Cottie Petrie-Norris Wants Easier Access to Birth Control

Got birth control? Photo by Bryancalabro/Wikimedia Commons

These days, the right wing in the U.S. isn’t content to just fight against women having access to safe and legal abortion. In January, the Trump Administration rolled back the Affordable Care Act’s birth control mandate by broadening employers’ ability to find a reason not to provide contraceptive coverage to their employees. It was a huge assault on women’s access to affordable birth control nationwide, and lower courts blocked it (this week, the U.S. Supreme Court refused to hear the case). Then in late May, Supreme Court Justice Clarence Thomas launched an assault on birth control with a dangerously twisted accusation that Margaret Sanger, who had championed access to birth control in the first half of the 20th century, in fact supported contraception because she wanted to kill black people. Sanger had awful views on eugenics, sure, but Thomas’s assertion is simply wrong. As Amanda Marcotte argued in Salon on May 29, “Conservatives are coming for your birth control.”

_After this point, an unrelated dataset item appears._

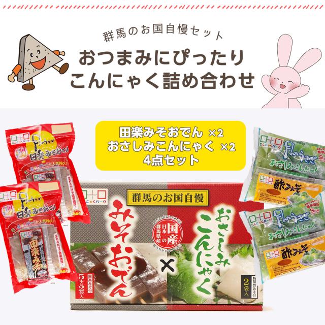 | 「みそおでん」と「おさしみこんにゃく」を詰め合わせた群馬のお国自慢セット。温めてそのまま簡単に食べられる「みそおでん(5本入)」とプリッとした食感が特徴の「おさしみこんにゃく」。ごはんのおかずにもう一品、おつまみにもぴったりです。 |

Modern birth control is remarkably effective–up to 99 percent, if used correctly, according to Planned Parenthood. Birth control pills can also lead to lighter and shorter periods, and less cramping.

Here in California, Democratic state legislators are actively fighting back against the right by trying to make it easier for women to get birth control pills. In 2016, Senate Bill 464 passed, allowing Planned Parenthood patients to get birth control through the organization’s PPDirect mobile app. While it made things easier for patients, they still had to do a live video chat through the app to get the pills (other states, like Connecticut, also have the mobile app but don’t have the video chat requirement). A state Senate report released earlier this month adds that pharmacists in California have been able to prescribe birth control since 2016, but only 11 percent of pharmacies here are dispensing birth control pills to women who don’t already have prescriptions. Now, Assembly Bill 1264, authored by Assembly member Cottie Petrie-Norris (D-Laguna Beach), aims to fix all this.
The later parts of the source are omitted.